La historia de Julieta y Julián, contada por su hija Elsa Portilla

Siempre me ha fascinado la historia de cómo se conocieron mis papás. No soy muy fan del romanticismo cliché y muy probablemente sea porque no vengo de una historia romántica común. Pero a mí me gusta, y me encantaba que mi mamá me la contara una y otra vez.

A principios de 1983, el primo de mi mamá se casó con la hermana de mi papá. Una boda normal, supongo, no tengo muchos detalles. Pero el novio le dijo a mi papá: “Mano, fíjate en mis primas, las Hernández”.

Cuatro hermanas, dos casadas, dos solteras. Y mi papá se fijó en una chaparrita, güera y risueña que se carcajeaba a la menor provocación. Era Laurita, a quien a la fecha aún es fácil hacer reír y reírte con ella.

Pasó un año, mis tíos estaban felizmente casados e invitaban a mi papá a los eventos sociales. Quizá porque no tenía nada mejor que hacer o quizá porque quería ver a las hermanas Hernández –o tal vez sólo a una–, pero él siempre iba. Todo cambió cuando la mamá de mi tío celebró sus 75 años a lo grande, en un jardín de la Campestre, en una de esas casas que ya no existen, porque ya no las hacen como antes.

Mi papá estaba tranquilamente con un grupo de jóvenes que platicaban de deportes, mujeres, historias, de lo que sea. Pero a mi papá nunca le ha gustado ser el centro de atención. Prefiere estar ecuánime y tranquilo, escuchando y observando.

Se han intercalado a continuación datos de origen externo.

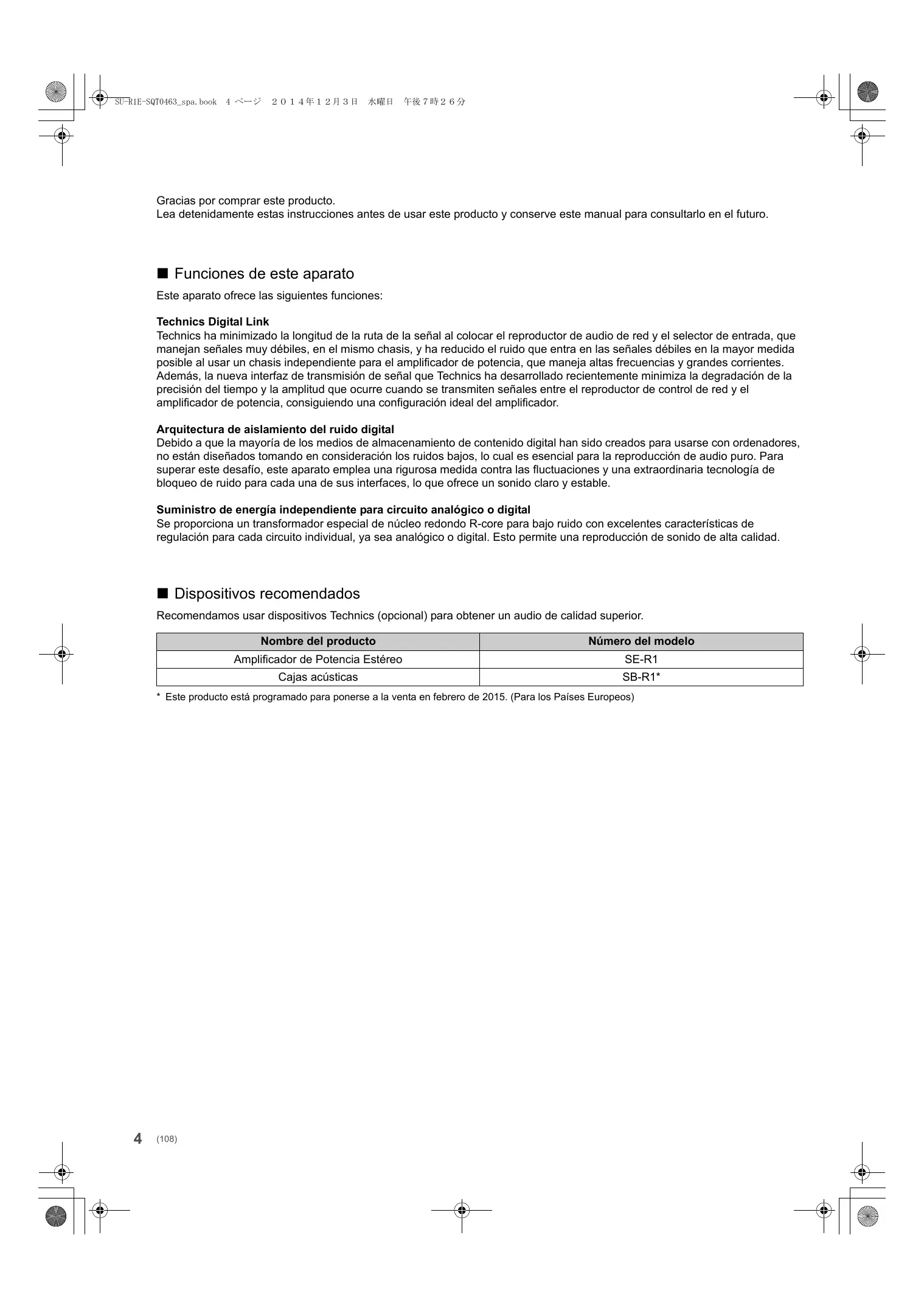 Instrucciones de funcionamiento Reproductor Audio en Red con Pre-amplificador Betjeningsvejledning Netværkslydkontrolafspiller Gebruiksaanwijzing ≥ “Program Clear” s’affiche. Gracias por comprar este producto. Lea detenidamente estas instrucciones antes de usar este producto y conserve este manual para consultarlo en el futuro. ∫ Funciones de este aparato Este aparato ofrece las siguientes funciones: Technics Digital Link Technics ha minimizado la longitud de la ruta de la señal al colocar el reproductor de audio de red y el selector de entrada, que manejan señales muy débiles, en el mismo chasis, y ha reducido el ruido que entra en las señales débiles en la mayor medida posible al usar un chasis independiente para el amplificador de potencia, que maneja altas frecuencias y grandes corrientes. Además, la nueva interfaz de transmisión de señal que Technics ha desarrollado recientemente minimiza la degradación de la precisión del tiempo y la amplitud que ocurre cuando se transmiten señales entre el reproductor de control de red y el amplificador de potencia, consiguiendo una configuración ideal del amplificador. Arquitectura de aislamiento del ruido digital Debido a que la mayoría de los medios de almacenamiento de contenido digital han sido creados para usarse con ordenadores, no están diseñados tomando en consideración los ruidos bajos, lo cual es esencial para la reproducción de audio puro. Para superar este desafío, este aparato emplea una rigurosa medida contra las fluctuaciones y una extraordinaria tecnología de bloqueo de ruido para cada una de sus interfaces, lo que ofrece un sonido claro y estable. Suministro de energía independiente para circuito analógico o digital Se proporciona un transformador especial de núcleo redondo R-core para bajo ruido con excelentes características de regulación para cada circuito individual, ya sea analógico o digital. Esto permite una reproducción de sonido de alta calidad. ∫ Dispositivos recomendados Recomendamos usar dispositivos Technics (opcional) para obtener un audio de calidad superior. Nombre del producto Número del modelo Amplificador de Potencia Estéreo SE-R1 Cajas acústicas SB-R1*
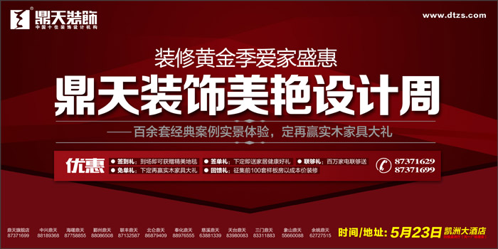 五月之美,始于綠意濃稠;五月裝修之美,始于美艷設(shè)計(jì)周,這黃金季的盛惠。在這綠色的時(shí)節(jié),鼎天裝飾設(shè)計(jì)師們已是迸發(fā)出最強(qiáng)烈的設(shè)計(jì)靈感,妝扮生活,為您打造愛家。5月23日,鼎天美艷設(shè)計(jì)周奉獻(xiàn)最豐盛的設(shè)計(jì)盛宴,最吸引人的優(yōu)惠大獎(jiǎng),問候五月,致敬綠色。地點(diǎn):凱洲大酒店四樓嘉洲廳(天一廣場(chǎng)南面)。 設(shè)計(jì):致敬專屬的生活 多年來(lái),對(duì)裝修設(shè)計(jì)時(shí)尚元素的不斷整理、分析和提取,鼎天裝飾積累了深厚的設(shè)計(jì)創(chuàng)意功底。針對(duì)不同人群,鼎天裝飾設(shè)計(jì)了在商業(yè)快節(jié)奏里突顯溫情的慢調(diào),專為都市白領(lǐng)打造的優(yōu)雅,滿足城市精英的個(gè)性和專屬別墅的華貴舒適等。在千余套不同小區(qū)、不同風(fēng)格的室內(nèi)設(shè)計(jì)臻品案例中,5月23日美艷設(shè)計(jì)周為您一一呈現(xiàn)。 針對(duì)高端別墅裝修的業(yè)主,鼎天裝飾通過自身強(qiáng)大的資源整合能力,以及領(lǐng)攜至尊工作室設(shè)計(jì)團(tuán)隊(duì)推行別墅裝飾的整體規(guī)劃設(shè)計(jì)與施工、別墅設(shè)備、主材、家具、配飾的私屬定制一站式服務(wù),在細(xì)節(jié)上做到極致,滿足高端消費(fèi)者在居家裝修上的各種需求。如設(shè)計(jì)階段布局智能家居系統(tǒng),實(shí)現(xiàn)智能安防、新風(fēng)、吸塵、凈水、溫控、娛樂等居家功能等,為您打造一站式健康舒適的專屬生活。 優(yōu)惠:整套實(shí)木餐桌等您贏取 美艷設(shè)計(jì)周,5重好禮樂享不盡:簽到禮、簽單禮、連購(gòu)禮、免單禮及回饋禮輪翻上演。只要到訪活動(dòng),所有業(yè)主都可拿一份精美禮品;下定即送家居健康好禮,并憑鼎天裝飾定單,參與砸金蛋得免單大獎(jiǎng),除了建材、家電、工程抵用款等心動(dòng)大獎(jiǎng),更有整套美式實(shí)木餐桌等您現(xiàn)場(chǎng)贏取,單單有獎(jiǎng),等您敲定。此外,活動(dòng)還推出品牌建材聯(lián)盟大特惠,不僅有特價(jià)爆款,還享受連購(gòu)禮,(根據(jù)連購(gòu)的建材品類數(shù)量)免費(fèi)收獲電飯煲、洗衣機(jī)等實(shí)用家電大禮。五月裝修強(qiáng)惠來(lái)襲,就在這一天了! 到訪業(yè)主還可參與“在裝工地體驗(yàn)行”?;顒?dòng)開通了百套實(shí)景樣板房直通車,讓業(yè)主們現(xiàn)場(chǎng)體驗(yàn)不同風(fēng)格、不同戶型、不同施工階段的裝修在建工地,聆聽設(shè)計(jì)師的設(shè)計(jì)講解,感受真實(shí)空間的設(shè)計(jì)元素布局。如:青林灣、海外灘、新外灘一號(hào)、銘豪觀樾、維科上院、鈺鼎園、蘇園、印象外灘、星河國(guó)際、舒沁苑、君和院、世貿(mào)首府、銀億東岸、風(fēng)格尚品、盛世華府、金億文園、悅瀾灣、景瑞望府、君瀾上府、榮安心居、鉑翠灣、東海府、藏瓏、締壹城、君園和莊、山清軒、銀億上郡、文瀾水岸、左岸尚苑、金色江山、水榭花都、中海國(guó)際社區(qū)、紫玉花園、麗江苑、君雅苑、金色瓏庭、東都華庭、宜家花園、晴園、麗景英郡、保利城、芳辰麗陽(yáng)、英倫水岸、東湖觀邸、盛世天城、江南一品、雍城世家、上上城等甬城小區(qū)由您選擇。如此細(xì)致,只為保障您的家裝在設(shè)計(jì)、工程上的品質(zhì)。 專業(yè):整體家居方案 大眾之選 “好生活,好設(shè)計(jì)”,鼎天裝飾的裝修設(shè)計(jì)理念同樣致力于為大眾消費(fèi)者打造精品之家,并以整體家居解決方案,滿足大眾裝修省心、省力、省錢的需求。目前,鼎天裝飾成功推出的美艷1號(hào)、美艷5號(hào)、美艷8號(hào)及美艷999等精裝套餐,已在市場(chǎng)上取得了巨大成功,深受都市白領(lǐng)、經(jīng)典婚房及改善型裝修者的青睞。每套方案,鼎天裝飾都結(jié)合了全體設(shè)計(jì)師團(tuán)隊(duì)的設(shè)計(jì)智慧,在裝修風(fēng)格、價(jià)格、適宜人群等全面細(xì)化,并制定教課書般施工方案,由金牌施工團(tuán)隊(duì)全力打造。因?yàn)閷?shí)行有效地資源整合,據(jù)估算,精裝套餐整體家居還比常規(guī)裝修節(jié)省費(fèi)用400-500元/平方米。 五月之美,開啟美艷設(shè)計(jì)周! 特別預(yù)告: 5月23日(周六)9:00---17:00,鼎天裝飾在凱洲大酒店四樓嘉洲廳(天一廣場(chǎng)南面)舉辦“美艷設(shè)計(jì)周”裝修黃金季愛家盛惠活動(dòng),現(xiàn)場(chǎng)限量征集前100套鼎天“美艷”樣板房,并以成本價(jià)為其裝修,且由鼎天至尊工作室、金牌施工團(tuán)隊(duì)聯(lián)手打造完美家裝樣板工程?,F(xiàn)場(chǎng)還尊享一站式家裝建材購(gòu)齊服務(wù),優(yōu)惠史無(wú)前例! 樣板房報(bào)名熱線:87371629 貴賓熱線:87371699

Mi mamá platicaba con un señor, amigo de la familia, sobre psicología. Acababa de terminar su segunda carrera en la Universidad Iberoamericana (se tardó en graduarse porque fue de la generación que vio derrumbada la escuela en un temblor antes del 85). Después de un rato, el señor le dijo: “¿Por qué no vas a bailar con alguien joven, en lugar de estar aquí conmigo?”.

Mi mamá aceptó el reto y se acercó a mi papá. Lo invitó a bailar. Creo que es la única vez que bailaron juntos porque mi papá tiene dos pies izquierdos, pero ese día aceptó la invitación de Julieta, la otra hermana Hernández. No sé de qué hablaron, nunca me lo dijeron, pero acabó la fiesta y se despidieron.

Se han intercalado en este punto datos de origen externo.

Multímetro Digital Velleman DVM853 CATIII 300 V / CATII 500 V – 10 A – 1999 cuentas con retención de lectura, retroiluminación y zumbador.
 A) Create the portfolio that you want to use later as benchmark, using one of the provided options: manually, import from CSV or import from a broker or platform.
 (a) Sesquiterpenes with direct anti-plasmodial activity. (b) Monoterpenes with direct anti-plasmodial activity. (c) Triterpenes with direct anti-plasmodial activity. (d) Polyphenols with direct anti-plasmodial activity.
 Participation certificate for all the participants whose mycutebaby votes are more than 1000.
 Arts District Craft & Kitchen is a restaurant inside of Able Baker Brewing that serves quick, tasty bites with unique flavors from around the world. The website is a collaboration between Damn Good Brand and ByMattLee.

Mi papá consiguió el teléfono de la casa de las Hernández. Aquí es donde había más discordias. Cada quien me contaba cosas distintas. Lo que es cierto es que durante unos meses mi papá buscó a mi mamá para invitarla a salir. Él dice que ella se estaba haciendo la difícil. Ella dice que era mala suerte. Sólo ellos sabrán.

Para diciembre, mi papá se dio una última oportunidad. Era sábado 4 de diciembre (la fecha es importante). Mi mamá contestó y mi papá la invitó a salir. Ella aceptó, pero mencionó que el lunes cumplía años. Mi papá pasó por ella y la llevó a comer, pero en lugar de ir a cualquier restaurante, la llevó a un restaurante japonés en Perisur, el Miyako. Aún vamos ahí a veces. Mis papás tenían 33, bueno, casi. Ambos solteros, sin compromisos. Dicen que ese día se contaron la historia de sus vidas y sus aspiraciones a futuro. Comieron rico y ahí se terminó ese día.

El lunes 6 de diciembre mi mamá celebró su cumpleaños con amigos y familia. En la noche, estaba platicando con mi tía Laura y decidió que le iba a marcar a Julián.

Mi papá contestó la llamada y mi mamá le dijo:

–Julián, ¿te quieres casar conmigo?

Déjame consultarlo con la almohada. Te veo mañana.

Mi mamá decía que pensó que ahí se iba a quedar la historia. Sólo se había dado la libertad de preguntarlo porque era su cumpleaños. Solía decir que no hay peor lucha que la que no se hace. Mi papá dice que se fue directo a su cama y que durmió perfecto toda la noche.

El 7 de diciembre en la tarde, mi papá se apareció en Cerro del Chinaco, en la casa que construyó mi abuelo y donde aún nos reunimos para las fiestas importantes. Traía una pequeña cruz de oro y una cadena. Saludó a mi mamá, le entregó la cadena y le dijo:

–Ante Dios, estamos casados.

El 4 de agosto de 1984 se casaron en la misma iglesia donde un año y medio más tarde me bautizaron. Le llevaron la contra a las estadísticas y a la familia que dijo que no era posible que fueran a durar, porque no se conocían.

Pasaron 28 años juntos. No voy a decir que felizmente casados, pues tuvieron buenas épocas y estuvieron juntos en las buenas, en las malas y en las muy malas, hasta el 24 de julio de 2012, cuando mi mamá perdió una batalla campal contra una neumonía que nos tomó por sorpresa a todos.

Me gusta su historia y me gusta contarla. Así fue como se enamoraron Julián y Julieta. Por suerte, mi nombre no empieza con J.